In May, Adam Ireland, head of eBay’s U.S. business, said in a blog post that eBay plans to roll out a plugin that’ll let sellers auto-generate item descriptions based on content already available across the web — powered by an OpenAI language model. In that same blog post, Ireland telegraphed the release of the tool launching today.

eBay says that the tool is aimed at addressing the “cold start” issue often experienced by first-time sellers on its platform. Not uncommonly, new sellers are overwhelmed by the amount of info they need to enter to create a competitive listing, eBay claims — so what better way to overcome that than by removing the need to enter info altogether?

eBay generative AI

eBay’s tool converts photos to listings.

“There’s no need to work through a cold start with AI: as soon as you’re ready to sell, your listing is ready to post,” eBay writes in a blog post. “We’ve been hard at work on the next version of a new, magical listing experience, which uses AI to analyze, research and extrapolate information from a small amount of data provided by the seller.”

But longtime sellers on eBay don’t appear to be pleased with the platform’s AI direction.

The official eBay community forum and subreddits frequented by sellers are filling up with complaints about the poor quality of eBay’s description generator, which has been available in limited tests — with one user on the forum, vssoutlet, claiming that eBay’s AI-generated text is misleading and, in some cases, downright untruthful. Vssoutlet points to a listing for a Pentax SLR camera, for which eBay’s AI generated a description saying the camera came with a lens kit — an obvious error.

On the subreddit /r/Flipping, a Reddit community dedicated to the art of flipping high-profile merch, an eBay seller going by the name IJustWondering writes that the eBay description generator frequently “re-states the item specifics and the title” and merely “adds some fluff.” Another user, Hardcorelogic, recounts an experience similar vssoutlet’s, finding that the AI-written descriptions “contain mistakes” and “[are] too long.”

“By the time I got done fixing [one of the descriptions] and shortening it, I could have written it myself,” Hardcorelogic writes.

This writer worries, too, about the photo-recognizing component of eBay’s new generative feature. Given that some of the best computer vision algorithms today are so plagued with bias that they can’t reliably distinguish Black people from gorillas, I don’t have high hopes for eBay’s take.

That aside, eBay sellers appear to be taking issue not only with generative AI’s tendency to spout mistruths and hallucinate — eBay is well aware of this, as the new listing-generating tool has a disclaimer warning that the text might not be completely accurate — but with the use cases that eBay envisions for it.
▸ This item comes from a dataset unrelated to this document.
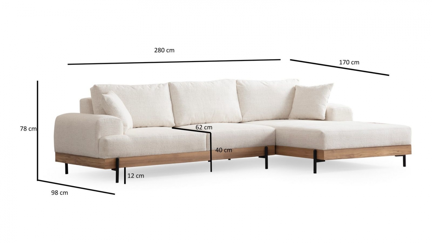 • Type d'angle : à droite (lorsqu'on se tient face au canapé)

Sellers point out that eBay’s AI-generated descriptions aren’t clear, concise or direct enough for most buyers. The description generator tends to be repetitive and verbose, they claim — even for basic items. And the generated text doesn’t list the individual characteristics of items, including their flaws.
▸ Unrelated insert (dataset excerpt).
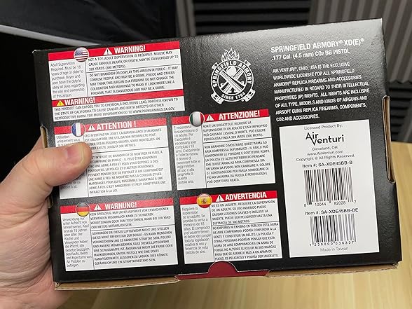 The Air Venturi manufactured Springfield Armory XD(E) BB Pistol is a slim and compact CO2 airgun with a unique double action/single action trigger with incredible realism and authenticity. It features exceptional attention to detail and genuine look and feel, making it a perfect replica version of the real steel model that's well-suited to practice or plinking. Capable of velocities up to 380 FPS and featuring an 18 round drop free magazine, this air pistol has convincing operation because of its blowback feature that simulates recoil. With an ambidextrous safety and magazine release, the airgun can be operated easily by a variety of shooters, and the functional takedown lever means it can be taken apart like its firearm counterpart. Front and rear slide serrations and authentic grip texturing provide for an ergonomic and convenient shooting experience. In addition, the windage adjustable front red fiber optic sight and fixed two dot rear sight aid accuracy, and an under-muzzle single-slot Picatinny rail allows for the addition of accessories like lights and lasers.

eBay certainly isn’t the only marketplace embracing AI as a way to solve a funnel problem (i.e. convincing more sellers, which pay revenue-generating selling fees, to list items — and to make its pages more discoverable on search engines). Shopify recently introduced AI-generated product descriptions, while Amazon rolled out AI-generated summaries of reviews.

The Information reports that Amazon is also piloting AI that’ll allow merchants to generate titles, descriptions and bullet points for select products. Unlike eBay’s newly-launched tool, Amazon’s will work not from photos but from a list of keywords, and “strictly regulate” the content allowed in the generated product listings.

But eBay’s roadmap is arguably among the more aggressive. And sellers — rightfully so, I’d argue — are beginning to question the wisdom of that strategy.